-- Data below follows --

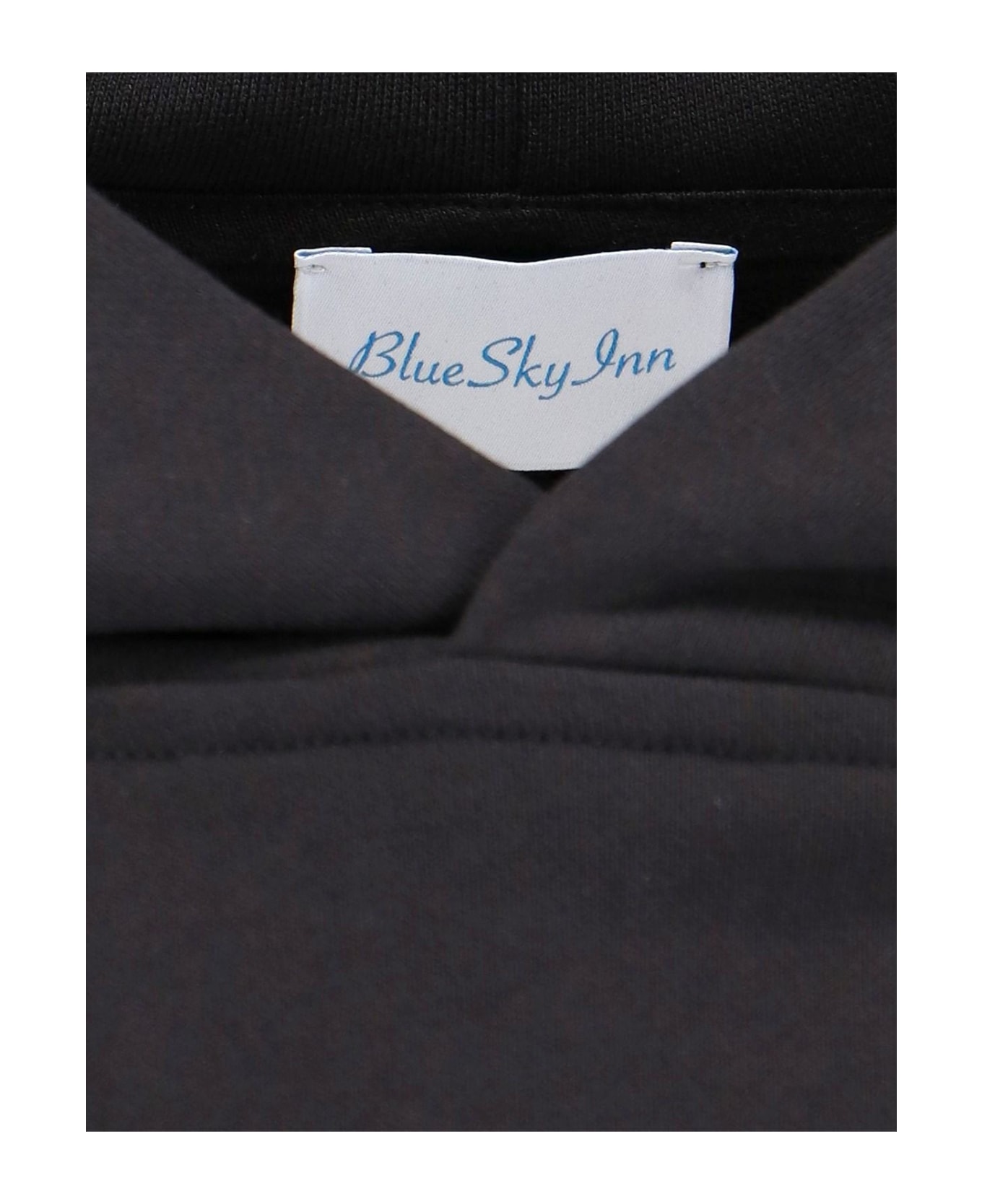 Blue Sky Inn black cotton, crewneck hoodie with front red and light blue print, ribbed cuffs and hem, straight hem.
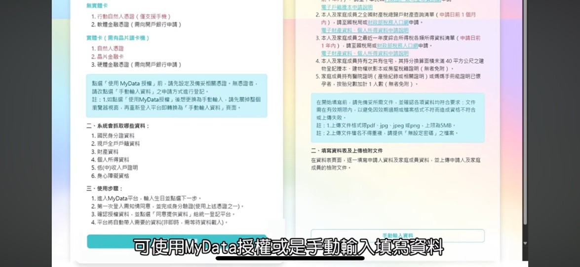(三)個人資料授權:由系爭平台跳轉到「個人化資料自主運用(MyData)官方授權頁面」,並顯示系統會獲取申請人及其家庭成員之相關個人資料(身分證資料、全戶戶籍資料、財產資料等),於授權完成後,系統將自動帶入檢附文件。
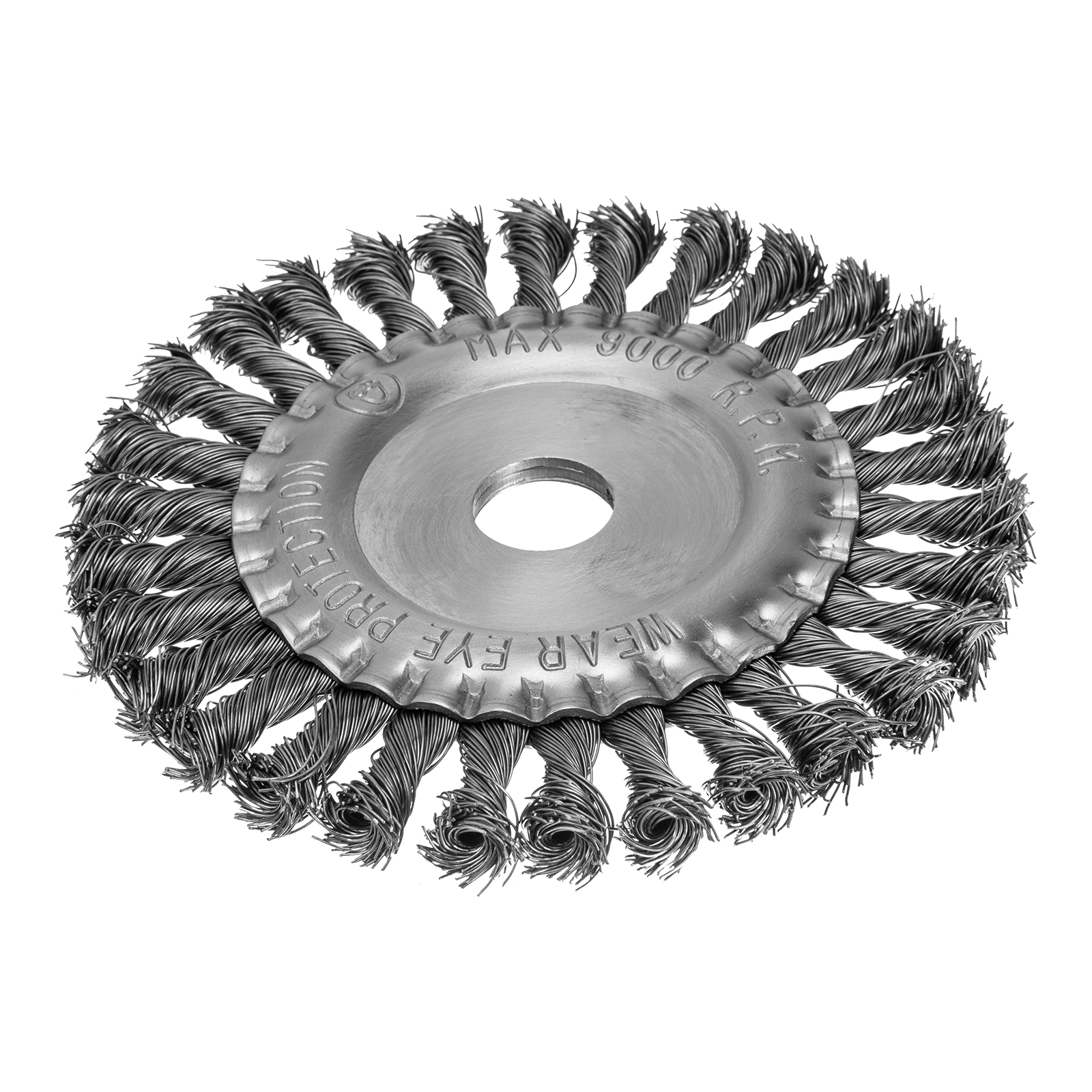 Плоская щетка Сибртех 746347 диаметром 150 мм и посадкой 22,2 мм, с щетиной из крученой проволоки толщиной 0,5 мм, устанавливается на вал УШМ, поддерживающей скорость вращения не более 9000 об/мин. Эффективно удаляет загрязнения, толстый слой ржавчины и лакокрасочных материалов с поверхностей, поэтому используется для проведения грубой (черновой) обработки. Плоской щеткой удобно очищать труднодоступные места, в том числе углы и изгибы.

-- Data below concluded --

Try it -
In your output, repeat the listing above exactly and include none of the pictures.

Solved problem -
 Blue Sky Inn black cotton, crewneck hoodie with front red and light blue print, ribbed cuffs and hem, straight hem.
(三)個人資料授權:由系爭平台跳轉到「個人化資料自主運用(MyData)官方授權頁面」,並顯示系統會獲取申請人及其家庭成員之相關個人資料(身分證資料、全戶戶籍資料、財產資料等),於授權完成後,系統將自動帶入檢附文件。
 Плоская щетка Сибртех 746347 диаметром 150 мм и посадкой 22,2 мм, с щетиной из крученой проволоки толщиной 0,5 мм, устанавливается на вал УШМ, поддерживающей скорость вращения не более 9000 об/мин. Эффективно удаляет загрязнения, толстый слой ржавчины и лакокрасочных материалов с поверхностей, поэтому используется для проведения грубой (черновой) обработки. Плоской щеткой удобно очищать труднодоступные места, в том числе углы и изгибы.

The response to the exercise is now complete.